The Woman Question in the end is not the question of women. It is not we who are the problem and it is not our needs which are the mystery. From our subjective perspective (denied by centuries of masculinist "science" and analysis), the Woman Question becomes the question of how shall we all—women and children and men—organize our lives together. This is a question which has no answer in the marketplace or among the throng of experts who sell their wisdom there. And this is the only question.
There are clues to the answer in the distant past, in a gynocentric era that linked woman's nurturance to a tradition of skill, caring to craft. There are the outlines of a solution in the contours of the industrial era, with its promise of a collective strength and knowledge surpassing all past human efforts to provide for human needs. And there are impulses toward the truth in each one of us. In our very confusion, in our legacy of repressed energy and half-forgotten wisdom, lies the understanding that it is not we who must change but the social order which marginalized women in the first place and with us all "human values."

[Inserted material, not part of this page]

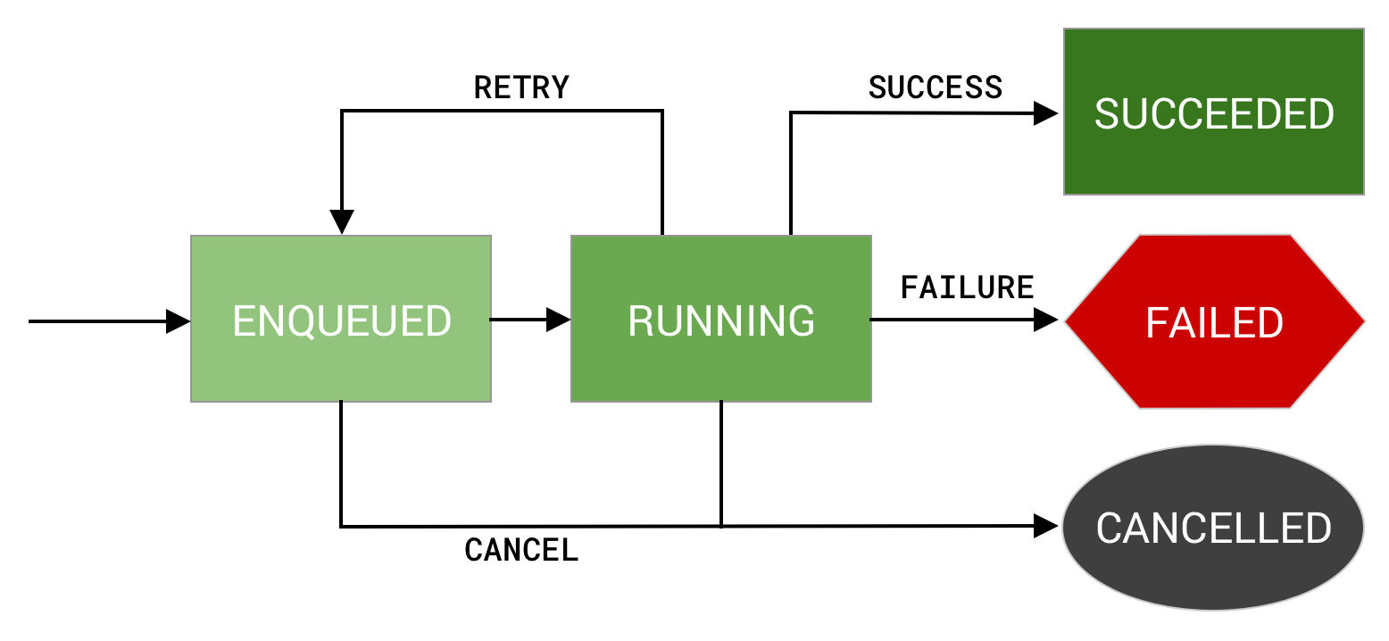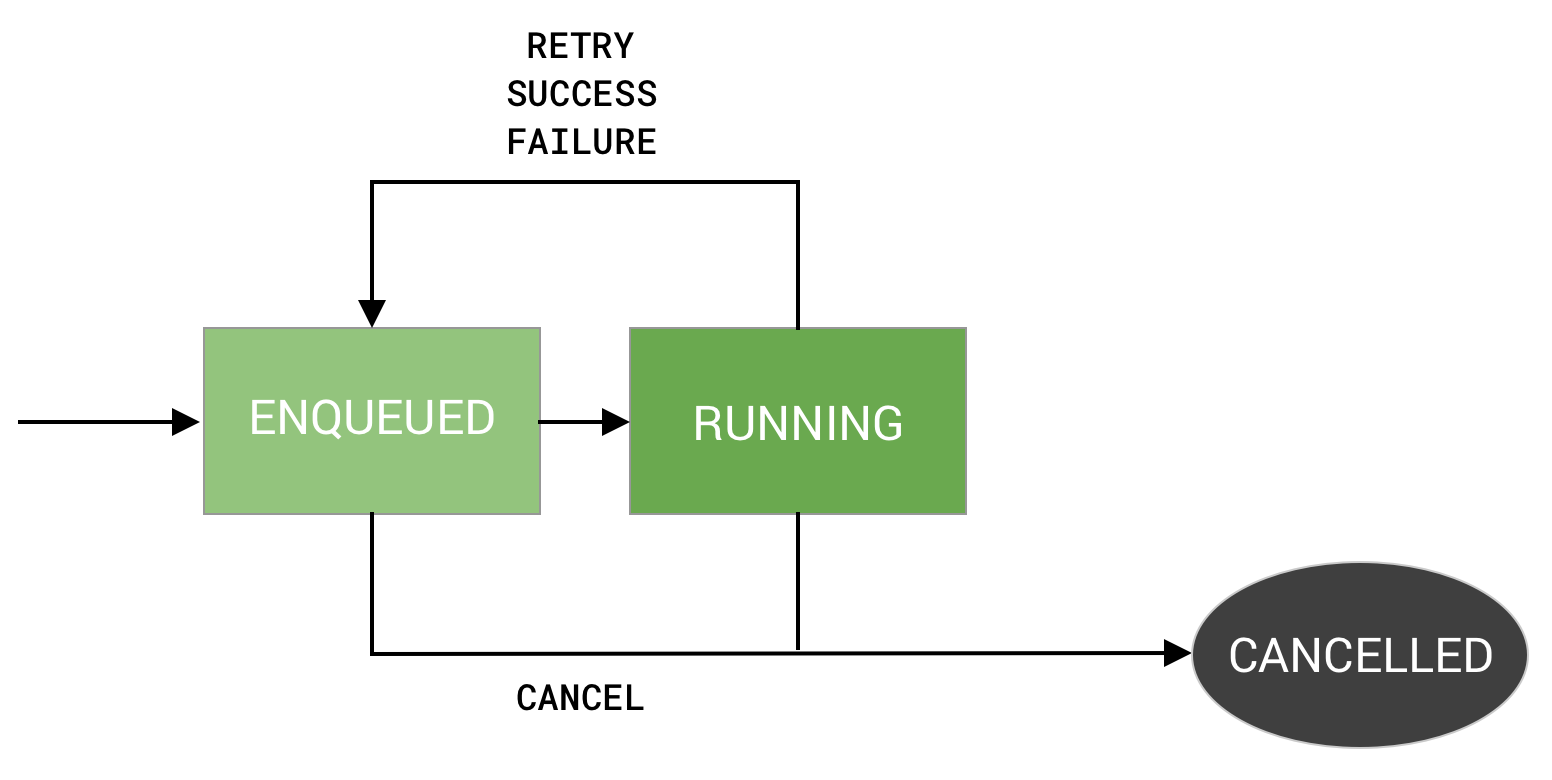 单次任务的初始状态为 ENQUEUED,任务会在满足其 Constraints 和初始延迟计时要求后立即运行。接下来,该任务会转为 RUNNING 状态,然后可能会根据任务的结果转为 SUCCEEDED、FAILED 状态;或者,如果结果是 retry,它可能会回到 ENQUEUED 状态。在此过程中,随时都可以取消任务,取消后任务将进入 CANCELLED 状态。

The romantic/rationalist alternative is no longer acceptable: we refuse to remain on the margins of society, and we refuse to enter that society on its terms. If we reject these alternatives, then the challenge is to frame a moral outlook which proceeds from women's needs and experiences but which cannot be trivialized, sentimentalized, or domesticated. A synthesis which transcends both the rationalist and romanticist poles must necessarily challenge the masculinist social order itself. It must insist that the human values that women were assigned to preserve expand out of the confines of private life and become the organizing principles of society. This is the vision that is implicit in feminism—a society that is organized around human needs: a society in which child raising is not dismissed as each woman's individual problem, but in which the nurturance and well-being of all children is a transcendent public priority . . . a society in which healing is not a commodity distributed according to the dictates of profit but is integral to the network of community life . . . in which wisdom about daily life is not hoarded by "experts" or doled out as a commodity but is drawn from the experience of all people and freely shared among them.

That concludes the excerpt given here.